Thirteen adventures since the Express began publishing Bond strips back in 1958, Gammidge and McLusky stepped aside for the new team of Jim Lawrence and Yaroslav Horak as writer and artist respectively. In 1981, series writer Lawrence was then paired with the original strip artist John McLusky returning for a further four adventures.

To celebrate his John McLusky's work, his sons Graham and Sean (and his Wife, Kate) organised an exhibition of his work at the Barbican in London entitled "The Face of James Bond". It took place from 25th November 1995 to 14th January 1996 and featured an exhibit of his original Bond strip cartoon work.

As well as his long run as James Bond comic strip artist, McLusky also drew strips such as "Secret Agent 13" for Fleetway's "June" and illustrations for "Look and Learn", and also worked for 15 years on "TV Comic" with strips such as "Orlando", "Laurel & Hardy" and "Pink Panther". In the early 1980's he worked on Thames TV series "Hattytown". He the retired but was lured back in to action in 1986 when Gerald Lip, the Express strip Editor, asked him to draw the last James Bond strips, which he did for three years. He then regularly lectured in the History of Art and was also a Punch and Judy Professor and Puppeteer.

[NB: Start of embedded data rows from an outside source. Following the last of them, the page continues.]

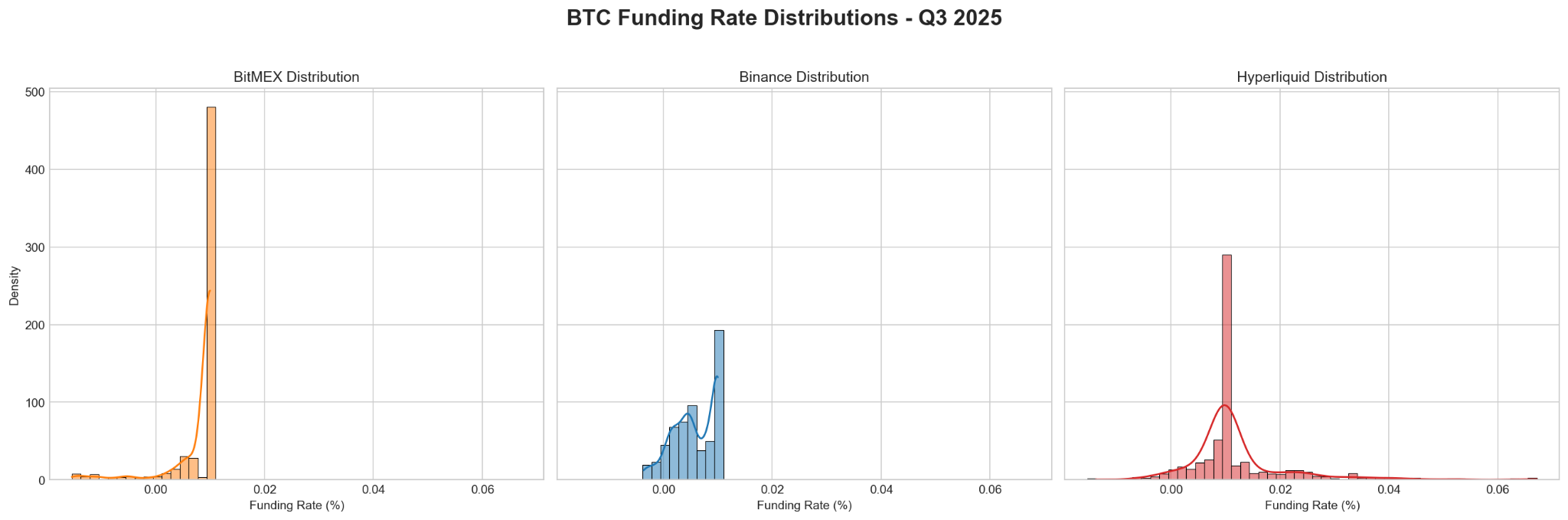 为了分析上述关于资金费率下限和上限的理论是否成立,我们分析了 BitMEX、币安和 Hyperliquid 2025 年第三季度的资金费率数据。这证实了上一节讨论的两个核心理论:
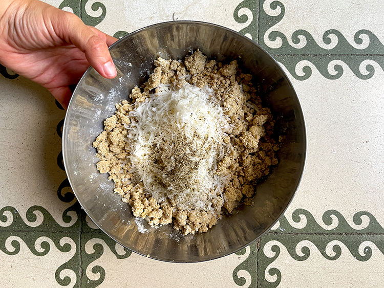 4- Para preparar el crumble, agrega en un bol mediano: la mantequilla, las harina, ½ cdita de sal, 1 cdita de pimienta y el parmesano rallado.
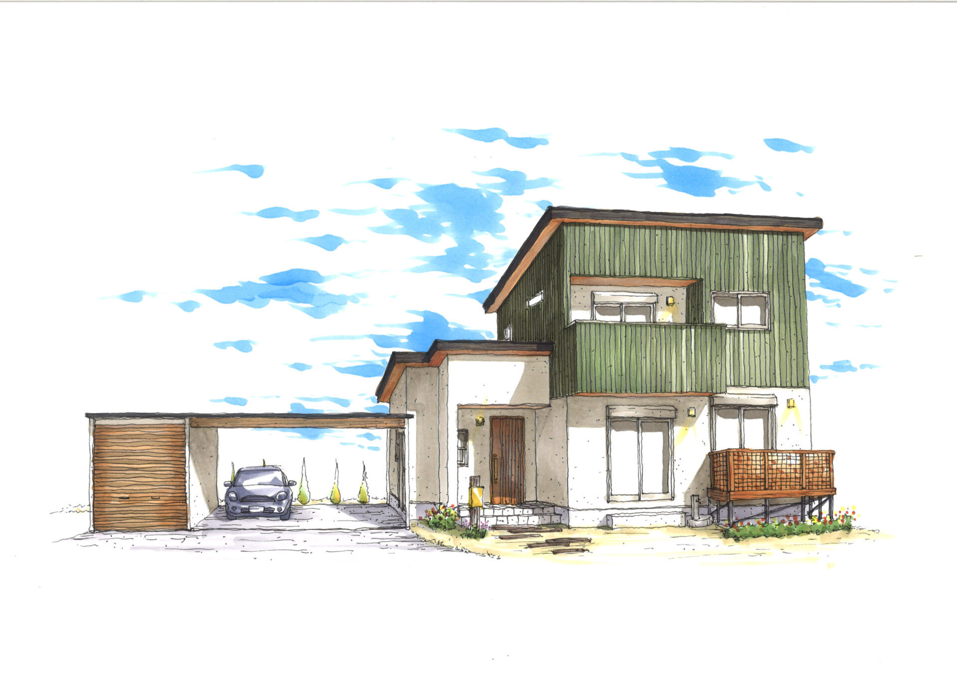 ナチュラルで見た目もおしゃれな雰囲気。お子さんが増えたときに変更可能な寝室や、書斎・倉庫など、将来を考え、家族の希望をたくさん詰め込んだ2階建てのお家です。
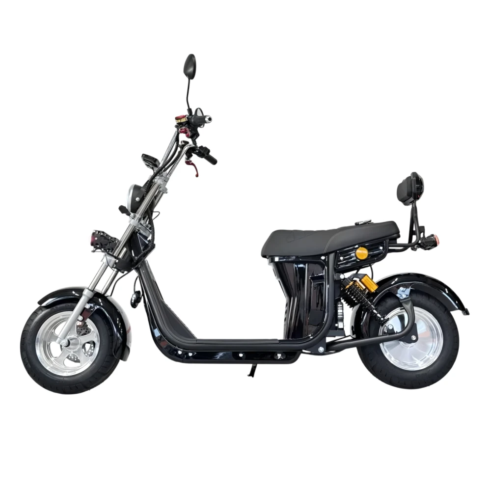 Электроскутер Citycoco GT E30 в черном глянцевом цвете — это универсальное средство передвижения. С мощностью 3000W и задним приводом, он обеспечивает отличную динамику и маневренность на городских улицах. Благодаря двухколесной конструкции и надувным колесам диаметром 18 дюймов, скутер уверенно держится на дороге, что делает его идеальным для поездок по различным покрытиям.Съемный аккумулятор с напряжением 60V позволяет преодолевать расстояние до 50 км на одном заряде, что делает его идеальным вариантом для ежедневных поездок. Время зарядки составляет всего 5 часов, что обеспечивает быструю готовность к новым приключениям. Кроме того, в конструкции предусмотрено дополнительное место под аккумулятор, что увеличивает возможности автономной работы.Скутер весит 75 кг и может выдерживать максимальную нагрузку до 200 кг, что делает его подходящим для различных пользователей. Дисковые гидравлические тормоза обеспечивают надежную остановку, а большое мягкое сиденье и амортизаторы гарантируют комфорт даже при длительных поездках.Дополнительно, Citycoco GT E30 оснащен бортовым компьютером, зеркалами, звуковым сигналом, фарой и поворотниками, что повышает безопасность и удобство. Большая дека под ноги и прочная конструкция делают поездки еще более приятными.Электроскутер Citycoco GT E30 — это идеальное сочетание стиля, мощности и комфорта для тех, кто ценит удобство и скорость в городской среде.
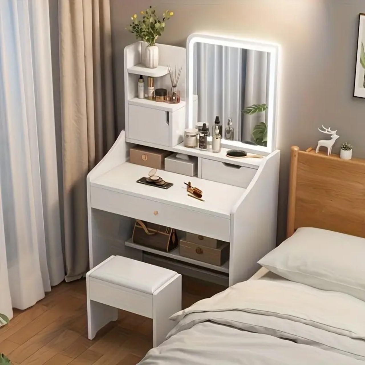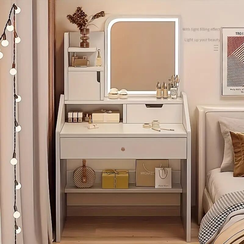 収納キャビネット付きで、化粧品やアクセサリーもすっきり整理整頓。
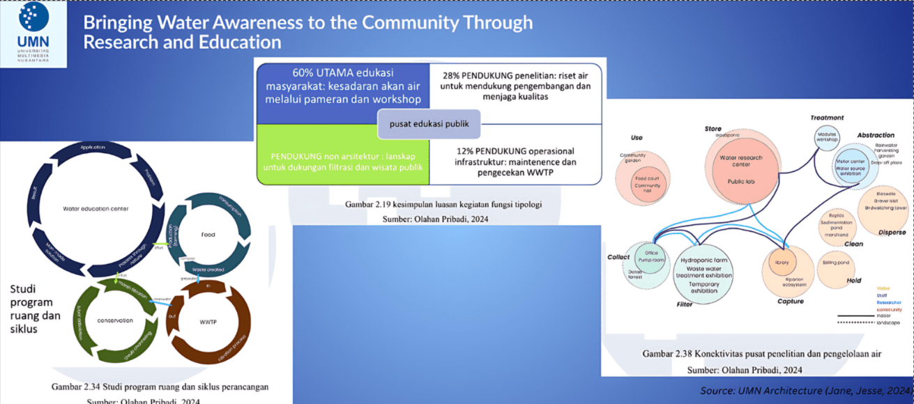 Tangerang – In response to the urgent issue of water pollution in Jakarta’s Pluit Reservoir, students from Universitas Multimedia Nusantara (UMN) designed a regenerative Water Research and Education Center aimed at restoring not only the environment, but also public awareness around responsible water usage. Once a natural swamp and water catchment area, the reservoir has faced heavy ecological degradation due to unfiltered sewage discharge and unplanned urban development. The proposed center integrates ecosystem restoration, sustainable infrastructure, and community education into one functional space, encouraging the public to rethink their relationship with water in urban environments.
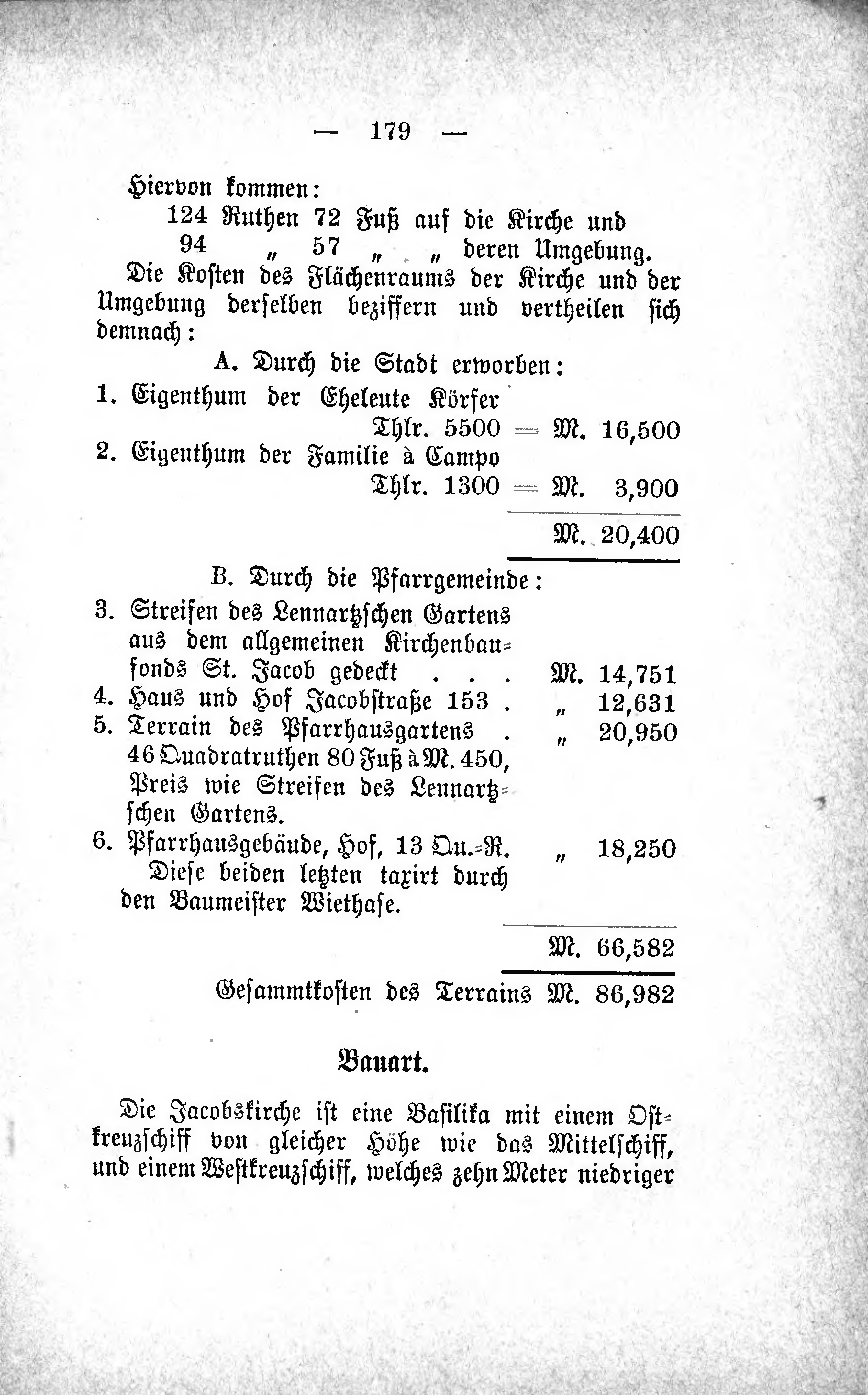 | 3. | Streifen des Lennartzschen Gartens aus dem allgemeinen Kirchenbaufonds St. Jacob gedeckt | M. | 14,751

He spent his final years taking it easy at his home due to heath reasons but enjoyed reading, meeting his friends and listening to his favourite Jazz collections.


Hearn on McLusky

Comic strip scriptwriter Anthony Hearn wrote in 1990 about his work on Bond with McLusky, "I trusted John McLusky to make pictorial sense of my scenario. Fleming tended to choose, for his high dramatic points, locations which he himself knew well: high class hotels, rich men's gambling haunts. John beavered away getting pictorial references for the many background 'shots' needed to establish the scene. His artwork was vastly superior to my script. It was that which ensured the wide following for the Bond Strip after a shaky start.

The Legend Lives On
John McLusky will be best remembered for giving to the world "the face of James Bond", and with Titan Books republishing the original strips, fans old and new can enjoy the adventures again. McLusky's work will forever hold resonance in the Bond canon, and is as fresh and exciting today as it was nearly fifty years ago.